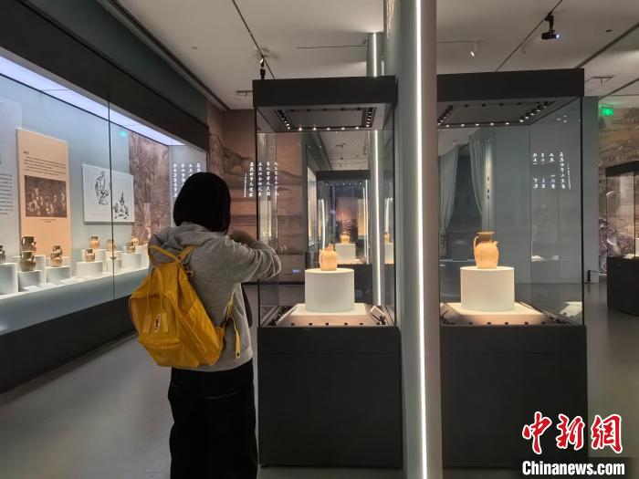 參觀者欣賞展品?!堁┯?nbsp;攝
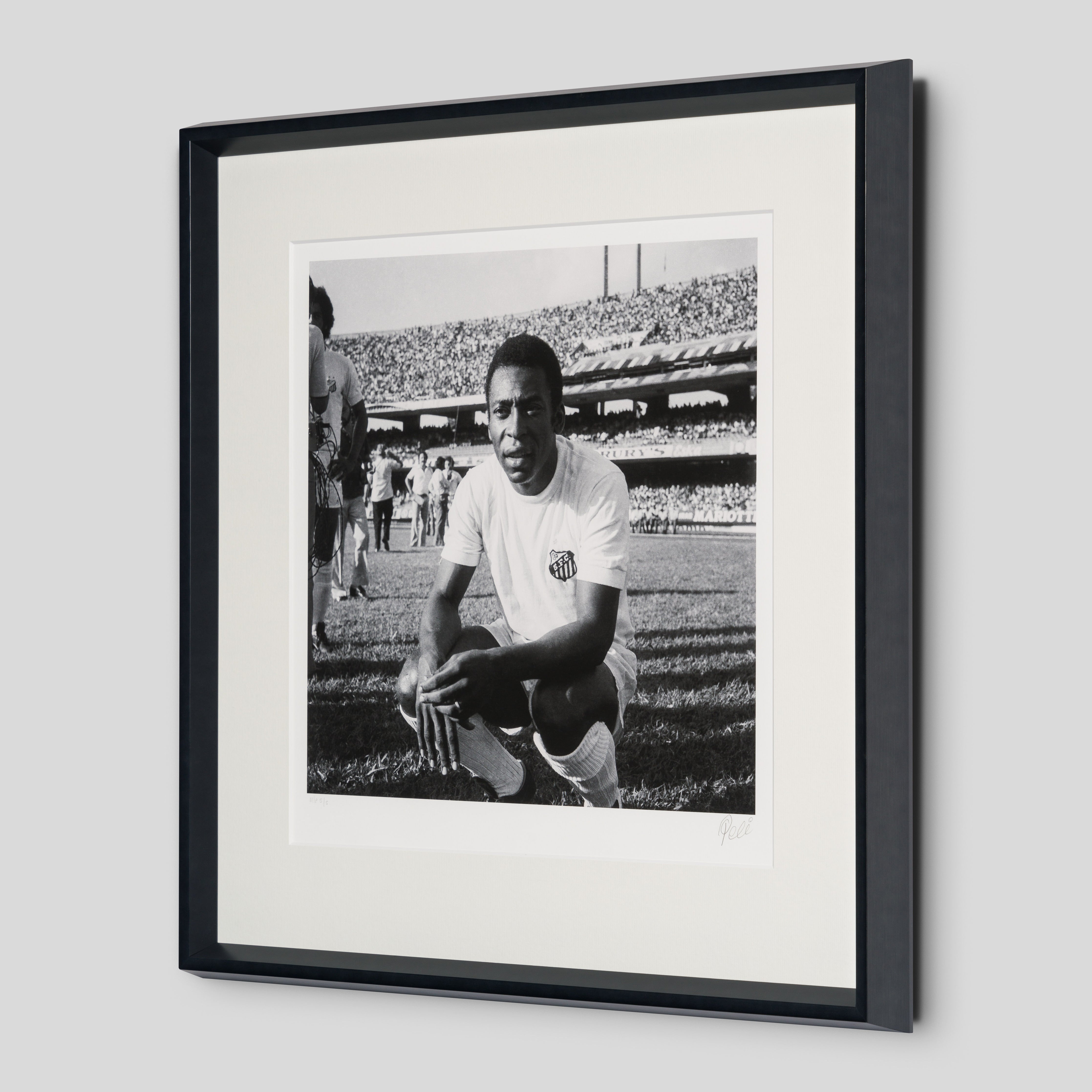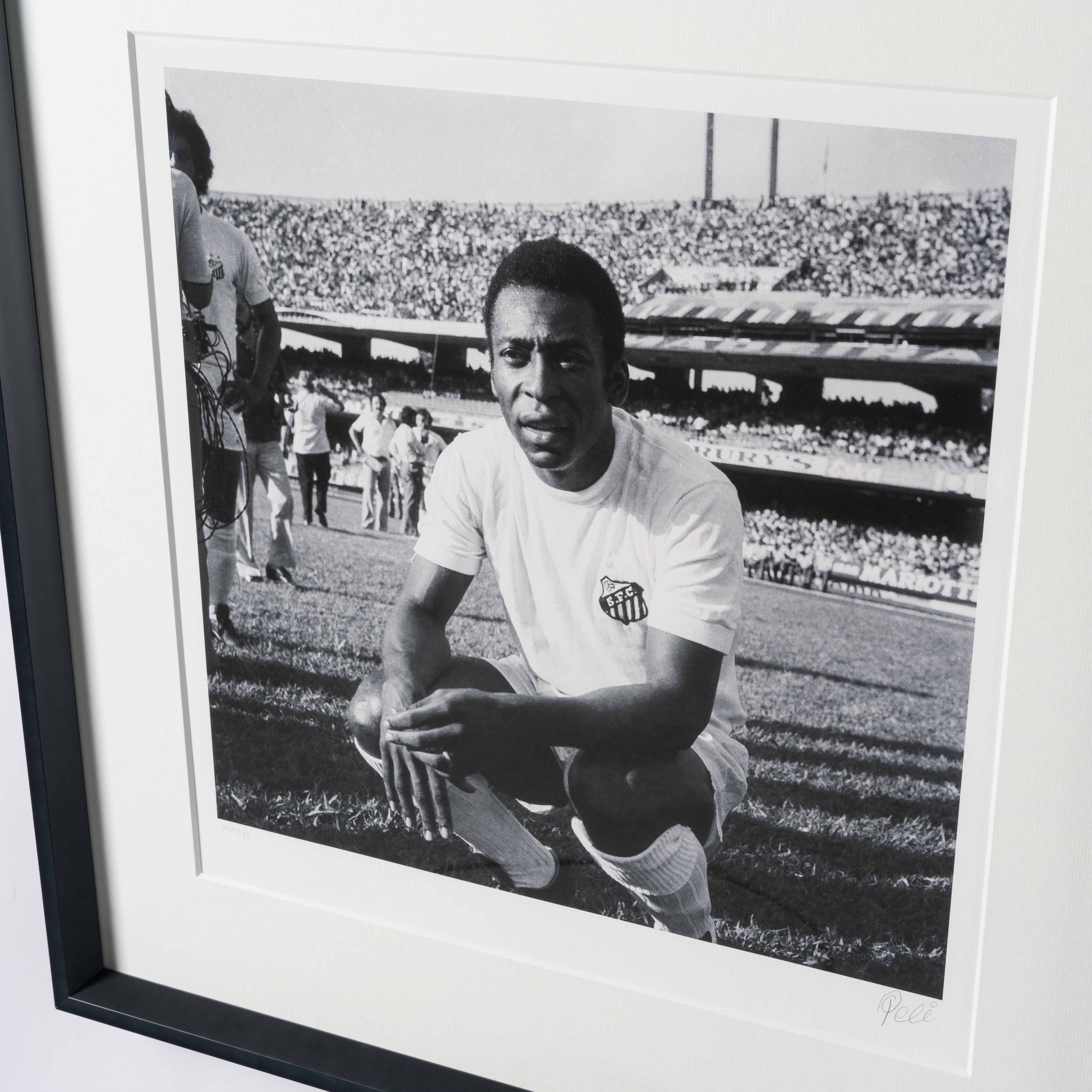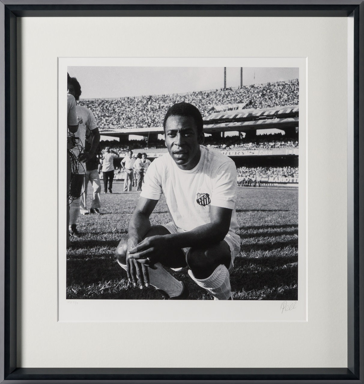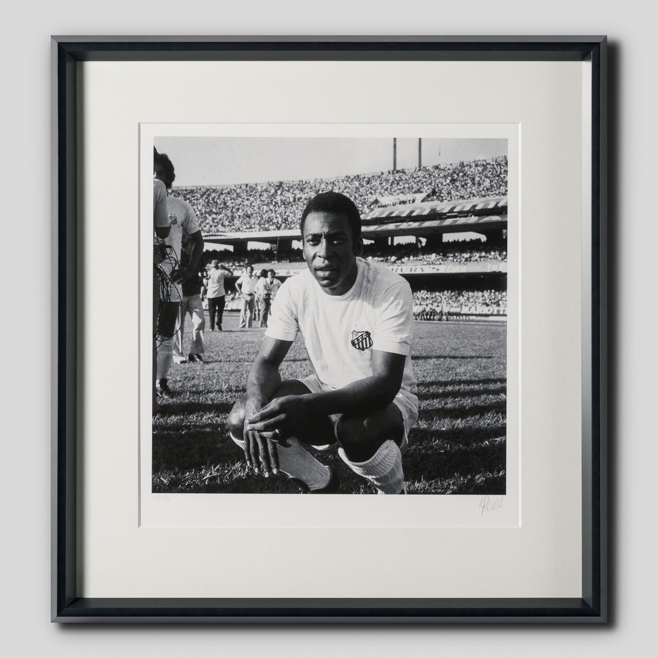 Photographed by José Dias Herrera – a Brazilian photographer who marked his legacy through sports history and who often shot Pelé, recording the biggest moments in history of football – “Santos” is a Pelé hand-signed limited edition Giclée on paper artwork depicting world-famous footballer.
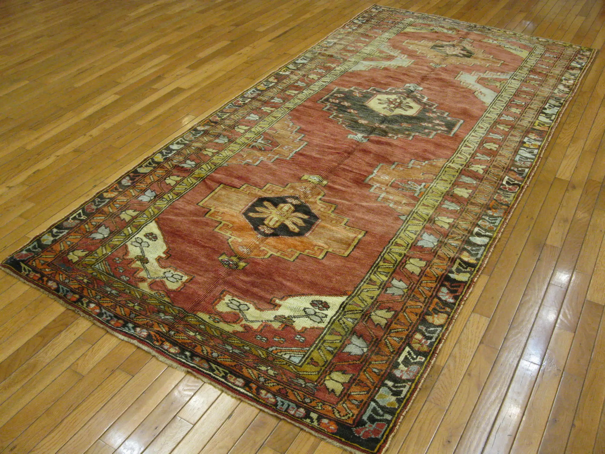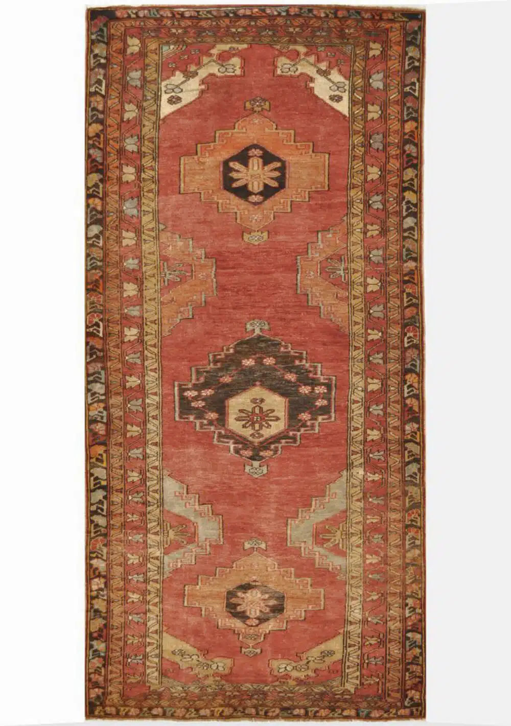 This vintage wide runner originates from the Anatolian region of Turkey and features a classic geometric composition presented in an elongated gallery format. The dominant brick red field provides a warm and grounding presence, accented by stepped medallions and tribal motifs rendered in soft gold, charcoal, and ivory tones.

= = = =

Set down all the lines above exactly as they appear, with no pictures.

 參觀者欣賞展品?!堁┯?nbsp;攝
 Photographed by José Dias Herrera – a Brazilian photographer who marked his legacy through sports history and who often shot Pelé, recording the biggest moments in history of football – “Santos” is a Pelé hand-signed limited edition Giclée on paper artwork depicting world-famous footballer.
 This vintage wide runner originates from the Anatolian region of Turkey and features a classic geometric composition presented in an elongated gallery format. The dominant brick red field provides a warm and grounding presence, accented by stepped medallions and tribal motifs rendered in soft gold, charcoal, and ivory tones.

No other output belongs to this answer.